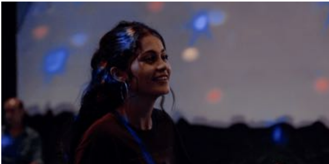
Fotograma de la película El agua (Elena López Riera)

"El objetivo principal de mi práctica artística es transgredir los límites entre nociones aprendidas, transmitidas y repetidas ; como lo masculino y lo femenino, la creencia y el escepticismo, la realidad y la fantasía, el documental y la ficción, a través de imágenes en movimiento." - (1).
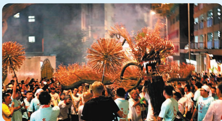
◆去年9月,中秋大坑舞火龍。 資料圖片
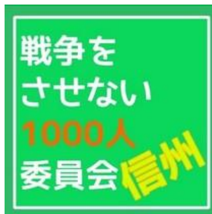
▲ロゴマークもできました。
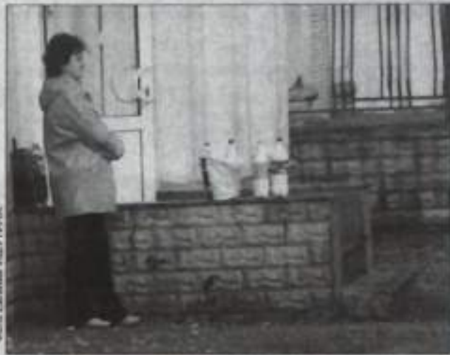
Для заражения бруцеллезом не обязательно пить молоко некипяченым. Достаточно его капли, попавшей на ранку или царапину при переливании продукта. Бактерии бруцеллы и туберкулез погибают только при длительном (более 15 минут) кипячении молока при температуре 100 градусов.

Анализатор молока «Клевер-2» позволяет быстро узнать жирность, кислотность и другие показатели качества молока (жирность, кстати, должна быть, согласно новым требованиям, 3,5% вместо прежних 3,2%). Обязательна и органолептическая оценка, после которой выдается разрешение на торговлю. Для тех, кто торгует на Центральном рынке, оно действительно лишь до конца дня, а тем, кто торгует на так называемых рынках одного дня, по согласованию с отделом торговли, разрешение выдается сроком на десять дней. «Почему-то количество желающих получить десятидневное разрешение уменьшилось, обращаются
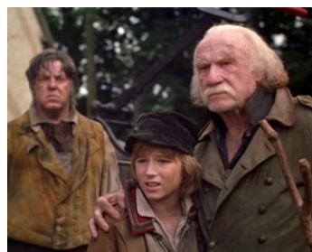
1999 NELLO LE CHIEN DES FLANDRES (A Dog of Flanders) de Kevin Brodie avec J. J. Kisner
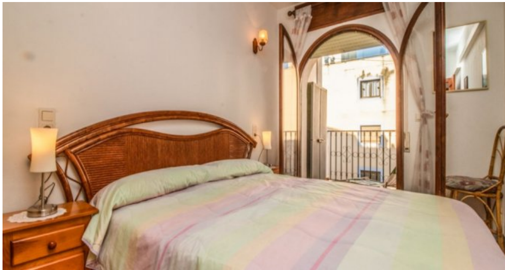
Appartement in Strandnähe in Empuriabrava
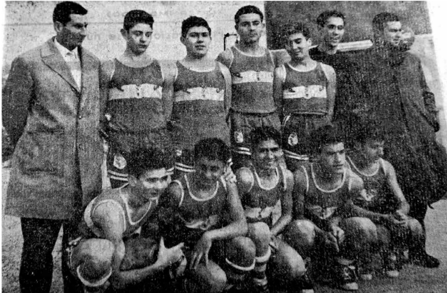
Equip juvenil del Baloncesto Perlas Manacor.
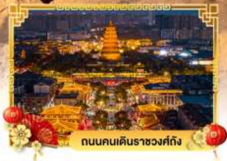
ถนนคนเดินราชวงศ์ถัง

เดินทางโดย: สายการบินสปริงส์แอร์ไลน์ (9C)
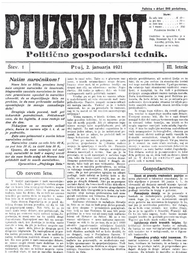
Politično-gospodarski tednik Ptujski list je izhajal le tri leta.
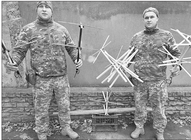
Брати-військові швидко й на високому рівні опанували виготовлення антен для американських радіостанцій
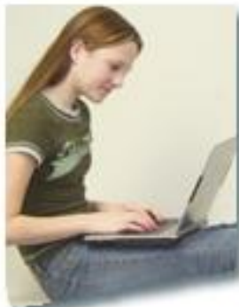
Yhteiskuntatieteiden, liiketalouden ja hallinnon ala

* * * * * * *

Nothing but the lines from the line with "Брати-військові швидко й" through the last line of the data above should be printed, exactly as written and without pictures.

SOLUTION:
Брати-військові швидко й на високому рівні опанували виготовлення антен для американських радіостанцій
Yhteiskuntatieteiden, liiketalouden ja hallinnon ala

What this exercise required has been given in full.